3. Regenerating Code with Cache
3.3. System analysis
Our analyses have two parts. One is about the request and the other is about the generating of a coding block. In the section, there are some figures which show the
analyses of the hybrid scheme (See Figure 3-5 shown below), the Regenerating Code scheme (See Figure 3-6 shown below) and the Regenerating Code scheme with LRU cache scheme (See Figure 3-7 (Case 1) and Figure 3-8 (Case 2) shown below). The setting of (n, k) is (4,2) below. We analyze the differences among these schemes to explain why we design our scheme. The scenario is that there are four peers, Peer 1 to Peer 4, store individually a coding block of the file. When the Peer 4 crashed, Peer 5 is notified to generate a coding block. In addition, Peer 6 shows how to requests the file in each scheme. We want to explain the difference among these schemes.
Figure 3-5 Analysis of the hybrid scheme
In the Figure 3-5, we show the analysis of the hybrid scheme. Peer 7 is an important peer storing a replica in the hybrid scheme. When generating a coding block, Peer 7 can directly forward a coding block to Peer 5, and when requesting the file, Peer 7 also can directly forward the whole file to Peer 6. If Peer 7 crashes, Peer 6 still can access the file through communicating with two of the first three peers. But Peer 5 can’t get a coding block until the file is reconstructed by some peer. Usually the system can wait to index some peer accessed the file, like Peer 6, later; however, if
the waiting time is so long that some of the first thee peer may crash in the period, then the redundancy in the system may be not enough to create a coding block.
Therefore, sometimes the system has to maintain a whole replica additionally. The extra overhead is the drawback of the erasure coding scheme. The advantages of the scheme are that the access only requires connecting to one peer and the bandwidth cost of the generating is one coding block, a half of the file, as the replica is present.
Figure 3-6 Analysis of the Regenerating Code
In the Figure 3-6, it is the analysis of the Regenerating Code. The replica is not maintained in the system. All the requesting and the generating are finished by collecting enough coding blocks. The needed number for the requesting is two, but the number for generating is different. Peer 5 gathers three smaller coding block, a coded packet with the size of a quarter of the file. Consequently, the bandwidth cost is three fourths of the file but the cost is higher than hybrid scheme at ideal case. In the example, the number d in the Regenerating Code is 3. If d is larger, for example, in our experiment the value is 13 and (n, k) = (14,7), then the bandwidth cost will be close to the hybrid scheme where the value of our setting is 13
49 of the file and the
value of hybrid scheme is 1
7 of the file. We can find that the cost is gradually close to the size of the coding block as d is larger, but still larger than hybrid scheme.

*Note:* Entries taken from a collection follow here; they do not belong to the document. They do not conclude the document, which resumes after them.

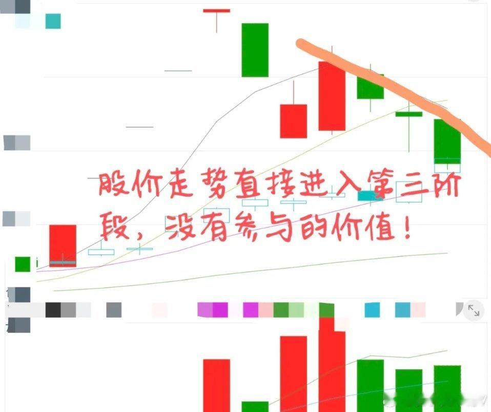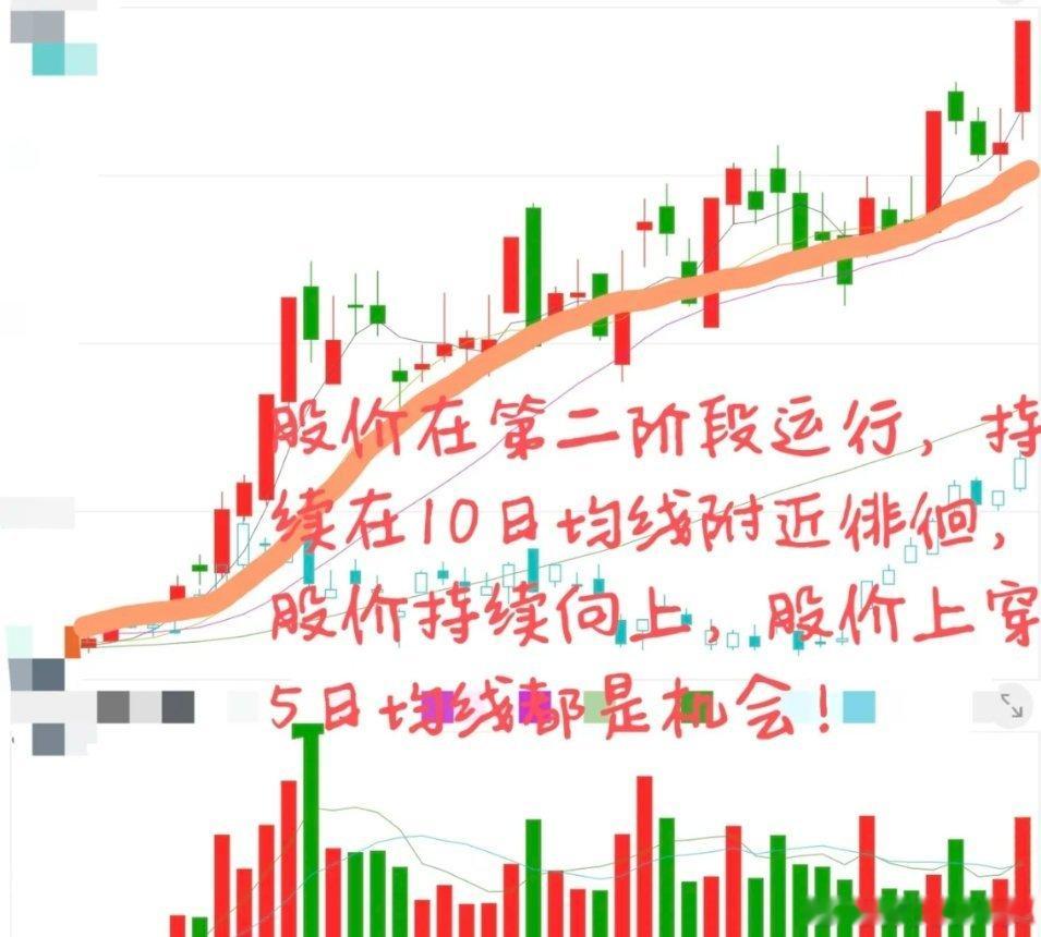 股价上涨运行的三个阶段。第一个,强势阶段。股价沿着5日均线上行。第二个,反攻阶段。股价跌破5日线后沿着10日线往上。第三个,退潮阶段。股价经历了前两阶段运行后,股价被5日均线和10日均线压制后开始退潮向下运行,也就预示着股价进入下跌周期。可以赚取较大利润的只有第一和第二个阶段。当一只股票的股价沿着5日均线走,这个期间都是可以博弈上涨的,如果,在这个阶段都不能赚,其他的位置想要赚钱也是很困难的。5日均线上的操作就是,5日线上买入和上穿5日线上买入,股价走弱就卖出,如果等到跌破5日线再卖出,基本上也就赚不到什么钱了。同样的,股价就算跌破了5日线,但是股价持续在10日线附近徘徊,那么,股价上穿5日线就是合适的介入点位,等待股价走出第二阶段的走势,如果股价已经走入第三阶段,基本上就没有参与的价值了。
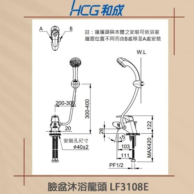 HCG 和成臉盆沐浴龍頭 附蓮蓬頭 兩用龍頭 面盆龍頭(LF3108E 不含安裝)
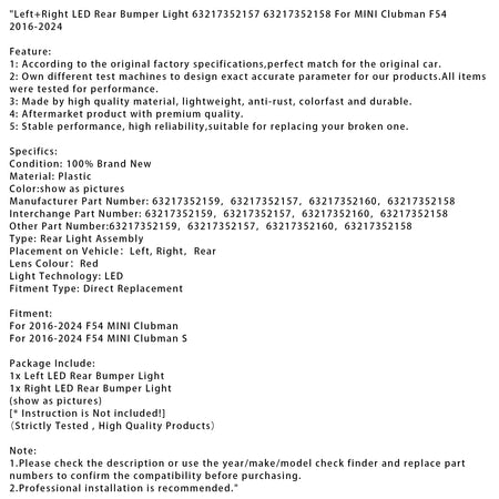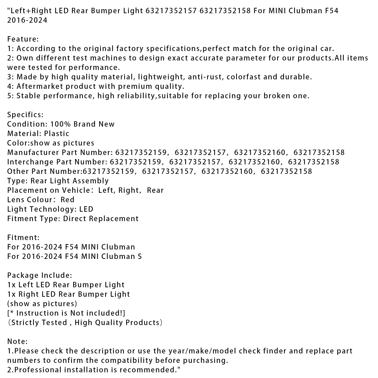 左+右 LED リアバンパーライト 63217352157 63217352158 MINI Clubman F54 2016-2024用
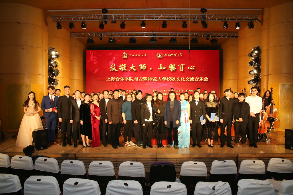 12月9日晚,由上海音乐学院、安徽师范大学主办,上海音乐学院艺术处、校史馆与安徽师范大学音乐学院联合承办的第36届上海之春国际音乐节暨2019年第五届上海音乐学院音乐开放周延伸项目:“致敬大师,知乐育心”——上音与中国高校校歌专题交流活动在安徽师范大学音乐学院成功举办。本次交流活动由上海音乐学院图书馆党支部书记张一带队,上海市学校艺术教育发展评估中心副主任倪燕,上海音乐学院校史馆副研究员肖阳以及我院校史馆“海尚音苑”志愿者社团的部分同学一同前往。

Nevertheless, that the number d close to n is larger implies that there must be so many peers simultaneously existing in the system, which is a rigorous condition in dynamic environment. The probabilities of at least any d peers of the n peers are alive concurrently in the P2P environment at different peer availability are shown in Table 3-1 . Here the peer availability is independent and identically distributed. The last two rows are the setting in our experiment.

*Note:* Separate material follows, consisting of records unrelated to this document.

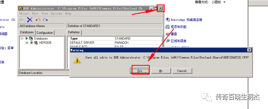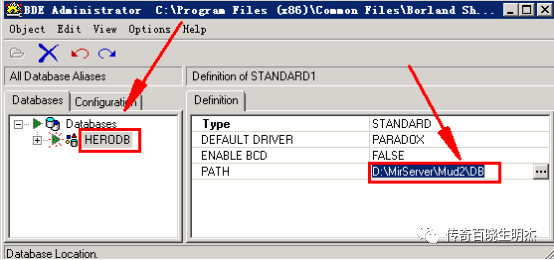 3.把它重命名为HERODB 路径依次选择为D:\Mirserver/Mud2/DB
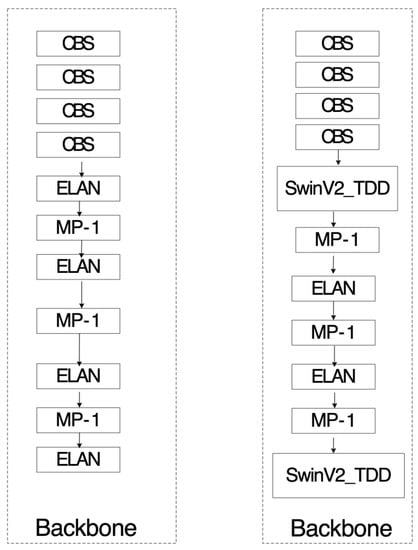 Based on the characteristics of SwinV2_TDD and MFSA, two ELAN modules in the backbone network of YOLOv7 are replaced with SwinV2_TDD modules, combining the strong modeling capability of the transformer structure with important visual signal priors. Meanwhile, the MFSA mechanism is introduced to enhance the extraction of small-scale features in the image. The original backbone and enhanced backbone structures are shown in Figure 8.
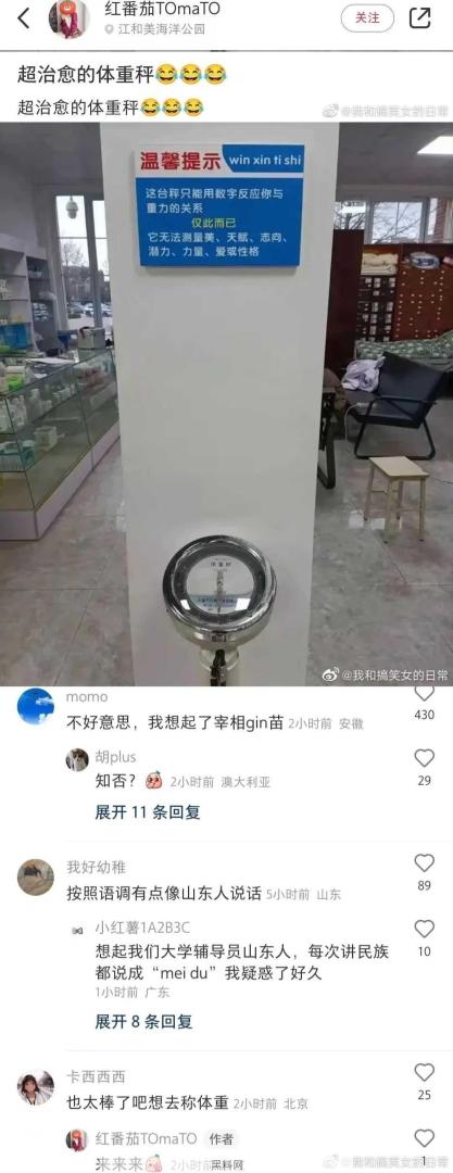 被体重秤的温馨提示治愈了。

Table 3-1 The successful probabilities of the encoding of the Regenerating Codes
Peer availability Value of n Value of d Probability
0.9 14 13 0.5846
0.65 21 20 0.0003
0.4 42 41 close to 0
0.65 21 13 0.5237
0.4 42 13 0.7589
We consider that LRU cache can reduce the bandwidth in the system without keeping the entire file, so our scheme additionally index two peers for each file, the last accessed peer and the peer which last accessed the file but not among the registered members, to exploit the cache more sufficiently. The two cases that the LRU cache can decrease the cost are shown in Figure 3-7 and Figure 3-8. One is the indexed peers have partial blocks, the other is they have enough blocks. Another point to use the data is that there is linear relationship between the coding blocks and raw blocks. The requested coding blocks in cache will be decoded for access and then are transformed into the raw blocks. If the raw blocks and the coding blocks are
independent, the two types of the blocks also can reconstruct the file. Furthermore, if there are some coding blocks in the LRU cache of the peer generating a coding block, the peer can use these blocks to create the coded packets by itself; therefore, the peer does not need to collect d coded packets.
Figure 3-7 Analysis of the Regenerating Code with LRU cache (Case 1)
In the Figure 3-7, the indexed peers do not have enough blocks, this case is one block; as a result, they only have to communicate with fewer peers to finish their tasks.
There is still another case like this, which is that the peer last accessed the file holds partial coding blocks but Peer 6 has no blocks. In our (14,7) setting, if it has 4 coding blocks, then Peer 6 only lack 3 coding blocks after just one connection. For the cost, when the connection times become fewer, the bandwidth is less too. Although LRU cache can bring the benefit, there is a problem when the peers use the coding blocks in LRU cache. That is the peer may collect the repeated blocks or dependent blocks which can’t support the decoding, so sometimes not all the blocks in cache are helpful. The requesting peer has to check the coefficients of these blocks before
retrieving the blocks.
Figure 3-8 Analysis of the Regenerating Code with LRU cache (Case 2)
In the Figure 3-8, the indexed peers have entire file. Fortunately, Peer 5 can generate by itself, and Peer 6, like hybrid scheme, just connect to one peer to read the file.
Briefly, if the indexed peers own the whole file, the benefit is equal to save a replica the system. Even if they only have a partial file, the connection cost still goes down.